It may sound odd to some, starting your fix and flip project by choosing a real estate agent. But think of your agent as the glue that holds the project together. A real estate agent holds one title, but fills numerous roles, from market analyst, to captain of your contractor team, and marketing director of your future listing. When you choose a good real estate agent, you’re getting much more than just a paper pusher who submits your offers. But don’t just take our word for it, read on to learn about the most common mistakes fix and flippers make when choosing a real estate agent or brokerage. 

1. The Agent Isn’t an Expert in Investing or the Local Market 

A large part of overcoming the risks involved in a fix and flip home is finding the right property, in the right location, that falls within your budget. Partnering with a real estate agent with little knowledge of investments, or a broader understanding of the fix and flip market is a recipe for disaster. 

A real estate agent who specializes in fix and flip investments helps you choose a location that fits your budget, and helps achieve your aspirational resale value, ultimately ensuring the necessary profit margins. For example, in a hot real estate market do you really think you’re going to find a $120,000 house in a $300,000 neighborhood? A good agent helps you decide if a project in your desired location is actually realistic, based on your budget and bottom line. 

The real estate market is in a constant state of flux. Even if a given area looks prime for investing right now, could inventory levels or a rise in mortgage rates change that in 6 months? It’s easy to find housing market statistics online, but it takes an expert real estate agent to interpret them specific to your project. 

2. Spending too much on the transaction

Some might compare fixing and flipping to gambling. Essentially, you’re betting that an outdated home in need of a facelift is going to sell for a value high enough to cover all the repairs and renovations you put into it.
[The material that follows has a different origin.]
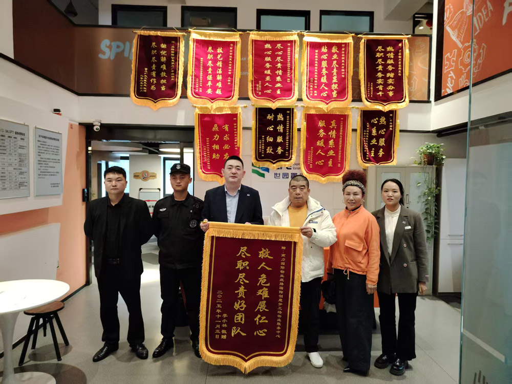 11月7日,该市民给物业服务中心送来印有“救人危难展仁心,尽职尽责好团队”的锦旗表达感谢。这份沉甸甸的认可,远比任何物质都更有分量。它不仅是对当值工作人员工作的肯定,更是对丝路国际创意梦工场服务团队的认可。未来,我们将把这份鼓励与认可转化为前行的动力,持续坚守岗位,用贴心服务守护园区平安。
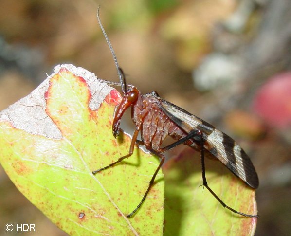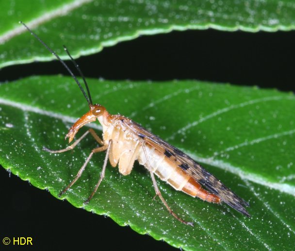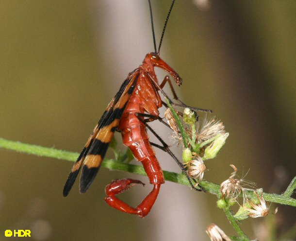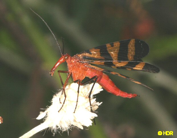 | A spring Scorpion with a much more patterned wing. Significantly smaller than the above fall species. Same long flashy antennae and beak. |

Don’t forget to cross your fingers that the project actually stays on schedule too. 

The 70% rule is a good cost basis to provide a buffer in your budget for covering repairs while still ensuring your project is a profitable one. Ultimately, this guideline says you shouldn’t spend more than 70% of your protected post repair value, minus the cost of repairs, when you buy a property. In action, the rule looks like this: 

After repair value (ARV):$300,000
Repair Costs:$28,000
ARV – Repair Costs x 70% rule = Goal Purchase Price($300,000 – $28,000) x .70 = $190,400

Overall if you’re unable to negotiate the price of the property to $190,400 or less, then you need to keep looking for the right deal. Remember, not sticking to the budget is one of the most common mistakes fix and flippers make and it’s one of the fastest ways to derail your investment.

The Cost of Traditional Real Estate Agents

This is where picking the wrong real estate agent is detrimental to your schedule and budget. Is the home in decline enough that the seller accepts your offer? Is the area up and coming, or far from amenities? What are property taxes in the area? Traditional real estate agents are paid a commission, thus they’re motivated to show you the homes that offer the highest buyer’s agent commission, not the home’s that best fit your needs. 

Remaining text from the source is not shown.